Cat Gaa and Moving to SpainCat, often labelled the “hada madrina of the Americans in Seville” (the fairy godmother) walked the Camino de Santiago about a year ago. She shares with us her walk, her impressions and her reasons for taking the journey. (You can read more about this and see some pictures on her blog sunshineandsiestas.com)

Food also features in this podcast, as Cat loves to try anything and everything, as you can see from her blog series Tapas Thursdays.

Cat also talks about her time teaching in Galicia and in Andalucia, as well as her first impressions of the city of Valladolid.

(During our conversation she mentions “Rajoy” – he’s the Spanish Prime Minister/Presidente del gobierno.)

 

Moving to Spain book by COMO Consulting

Moving to Spain book by COMO Consulting

Having gained much insight and learnt many lessons during her move and time in Spain, she has now set up COMO consulting, to help Americans move to this country. Together with Hayley Salvo, she has also written an ebook gathering tonnes of advice and information about visiting and living in the country.

“Como” means “how”, by the way.

You can get in touch with Cat through both the Sunshine and Siestas blog (sunshineandsiestas[at]gmail.com) and COMO Consulting.

Here are my thoughts on the book, which I’ve included in the podcast:

Moving to Spain is a beautifully put together book to help American visitors set up shop in the country. It’s been written by Cat Gaa and Hayley Salvo, two Americans who’ve lived in Spain for more than ten years. They have plenty of advice to give you, lots of stories to share and a sense of humour that will lighten up your preparations.

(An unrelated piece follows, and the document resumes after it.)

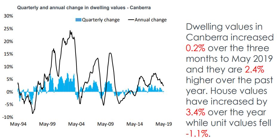 Canberra’s property market is a “quiet achiever” with dwelling values having grown 2.4% over the last year with house price growth (+3.4%) much stronger than the apartment market where prices fell – 1.1% over the last 12 months.

Although the book has been written with an American audience in mind, it provides plenty of advice and insight for anyone thinking of moving to Spain. Advice is really specific and detailed: from the shoe sizes that are available in Spain (“Boys needn’t worry, but girls who wear larger than an EU40 should throw in a few extra pairs because size 41 and up are difficult to find in Spain”) through the toiletries available (“Amass your stash while you’re in the States because Spain lacks in selection when it comes to tiny travel hear.”) to the more serious aspects of settling down abroad, like obtaining a resident’s permit or registering with the local town hall. They’ve even written a chapter on teaching private classes in Spain, in case you’re thinking of doing that.

Each chapter is full of useful vocabulary and a warning, in the form of a “What almost went wrong…” story. Some of their advice goes beyond moving to Spain: “Bottom line: if it sound too good to be true, it is!”

So, if you want some quality, detailed and up to date information from two ladies who’ve been there, done that and have now set up a consultancy to help others make the move, check out this book where you’ll find information on Paperwork, Looking for a Place to Live, Selecting a Mobile Phone and Internet Provider, Banking, Health Care, the Spanish School System and of course, Spanish Culture.